Publishers Note: We recently challenged our good friend and maintenance expert Ricky Smith to tell us 10 things we can do today - not 10 things we can buy today - to improve reliability at our plants. No new software, no new hardware, no new consultants. Ricky did as Ricky usually does and showed up with goods!
We admit he did include one “buy recommendation” but we let it pass because it falls under US$100. Here is what he came back with. - Terrence O’Hanlon, CMRP
Warning: Do not skip any steps if you wish to succeed
Number 1: Purchase a copy of Terry Wireman’s book “World Class Maintenance”. Take 4 hours and sit down with the plant manager, production manager, comptroller, and yourself (maintenance manager). Answer the assessment in the front of the book. If you do not understand the question, go to the chapter which defines the question. If you still do not understand, then the answer is no. Total the score and see where you stand. Now we are ready to begin. Awareness of a problem is the start. Understanding that everyone sitting in that room owns reliability and thus owns the problem and solution is essential in order to be successful.
Number 2: Rank your key assets based on risk. Risk can mean many things to many people. Develop a small list of questions to develop your ranking of assets.
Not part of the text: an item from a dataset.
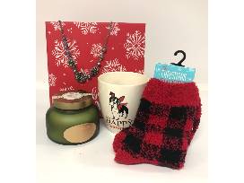 The perfect Secret Santa gift for anyone this holiday season! Includes: Candle, Adorable Mug, Socks and Jewelry.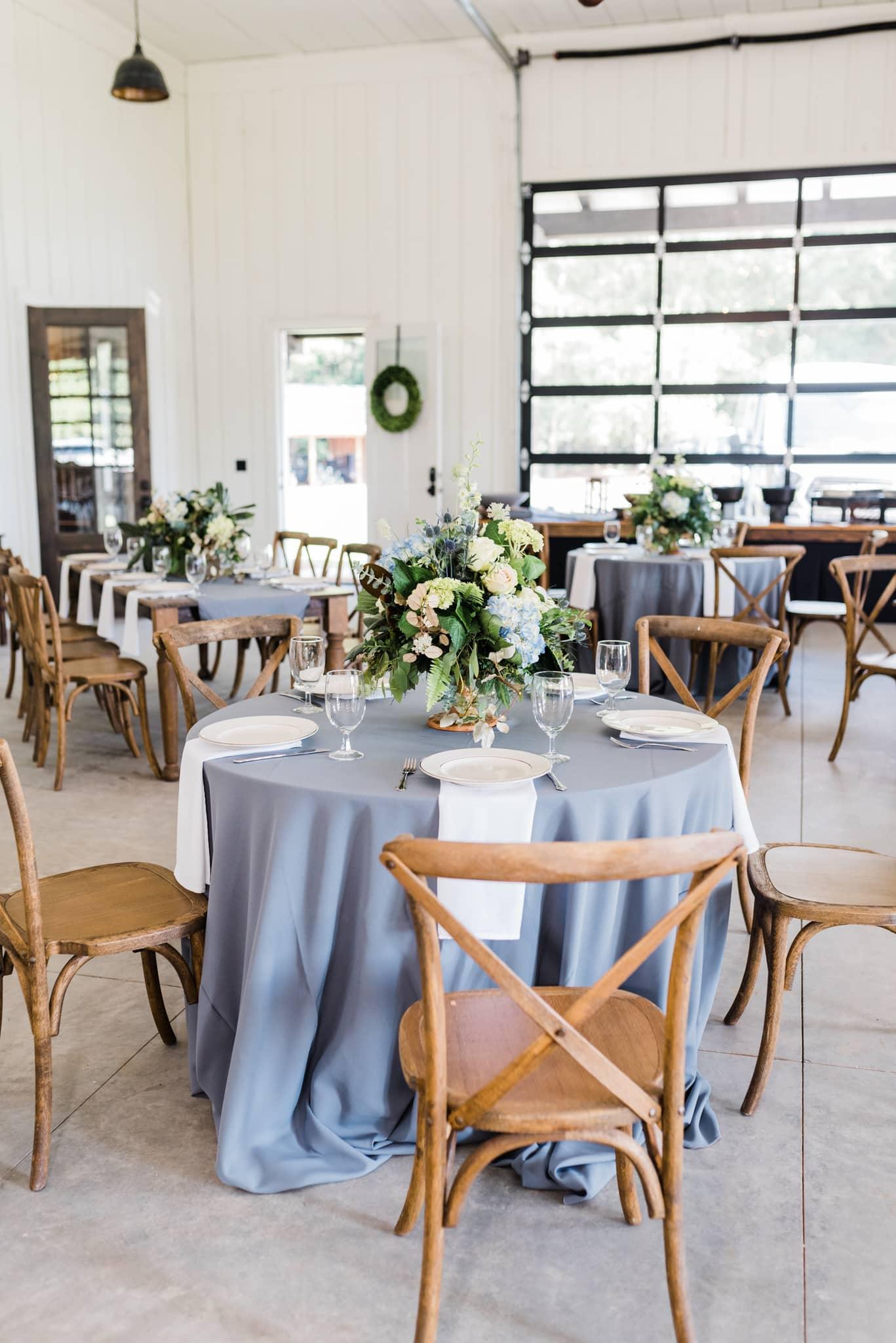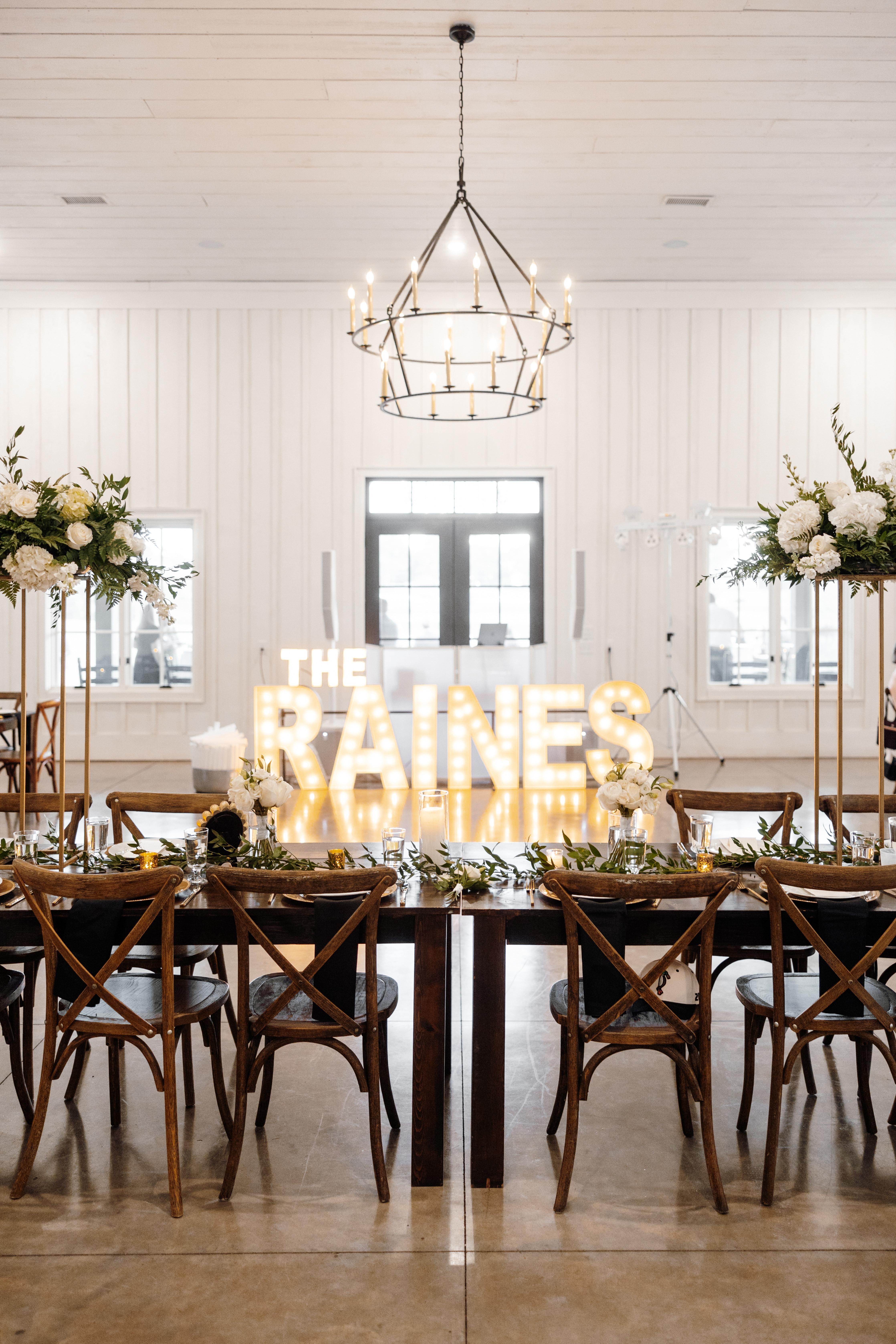 Surrounded by country elegance and beautiful scenery, The Barn features a vast open interior with a neutral, light palette and tall ceilings to keep the room delightful and airy. An abundance of natural light pours through the tall windows and modern garage style doors. The Sixty-Two is yours to customize. Whether you love rustic, simple, or trendy, our space is built to accommodate your unique personality. Step outside and enjoy the modern-rustic gathering area. Designed with the modern farmhouse in mind, the venue features clean white siding, a classic tin roof, and dark beautiful trim. The large covered front porch is the perfect place to set up bar with plenty of room for guests to gather.

One question may be: “If this asset were to stop would it stop plant capacity?” or “if this asset stops an outage of longer than 24 hours what will occur?
Number 3: Begin writing work orders for all emergency and preventive maintenance work on priority 1 and 2 assets based on your ranking of assets above. Ensure accurate labor hours are added to each. Track and trend these hours against each other and post the results after 4 weeks. Ask a team of operators and maintenance personnel to make recommended changes to the PM program on worst performing assets as a result. See example graph below.
Number 4: Restore, one step at a time, your highest risk asset in worst condition and at the same time develop operator and maintenance preventive maintenance procedures. These procedures should include steps (yes, step by step), specifications, parts (filters with storeroom number), permits required, estimated time required to complete, etc.
Number 5: Once the asset is restored and a repair has been made then a corrective maintenance procedure must be written with specifications, steps, estimated labor hours, drawings, special tools, etc. identified.
Number 6: Use the new Preventive Maintenance (PM) procedures on the newly restored asset. Apply the 10% Rule of Preventive Maintenance. This rule is defined as a PM that must be completed within 10% of the time standard. Example: if the PM requires to be accomplished every 30 days then it must be completed within 3 days or it is out of compliance. The expected goal is 100% compliance. It may not start out this way but should end up this way.
Number 7: Fabricate a sign that states “Warning, This Equipment is Maintainable, Only Proactive Maintenance in this Area “, See the example below. Only allow your best maintenance personnel and operators to work in this area.
Number 8: Develop Overall Equipment Effectiveness metrics for the production area. If you don’t know how to make this happen just send me an email and I will help. Post the daily and shift OEE on a line graph and show the trend. Leadership needs to back off and let the operators and maintenance personnel do their job and lead this effort.
OEE = Equipment Availability x Performance Efficiency x First Pass Quality with World-class levels of OEE start at 85% based on the following values: 90% Equipment Availability x 95% Performance Efficiency x 99% Rate of Quality = OEE of 84.6%
The OEE calculation factors in the major losses it seeks to eliminate. The first focus should be on major equipment effectiveness losses, because this is where the largest gains can be realized in the shortest time.
There are 11 major areas of loss, and they fall within four broad categories:
1. No production, breaks, and/or shift changes
2. Planned maintenance Downtime Losses
3. Equipment failure or breakdowns
Setups and changeovers
4. Tooling or part changes
5. Start-up and adjustment
Performance efficiency losses
6. Minor stops (less than six minutes)
7. Reduced speed or cycle time
First Pass Quality (Yes, First Pass Quality ONLY)
9. Scrap product/output
10. Defects or rework
11. Yield or process transition losses
Number 9: Develop a vendor performance metric. This metric will have three parts. One, the percentage of time a vendor delivers a part on “the agreed upon time” (one minute late is late, sorry); two, the percentage of time the same vendor delivers the wrong part (no substitution unless agreed upon by maintenance manager); three, the times the same vendor delivers the wrong quantity of parts. The sum of these three measurements equals the vendor performance metric. Post this metric by vendor by month in the storeroom. The standard should be 95%, sorry no excuses accepted.
Number 10: Now take the assessment results from Terry Wireman’s book and work on the maintenance process beginning with the planning and scheduling process first.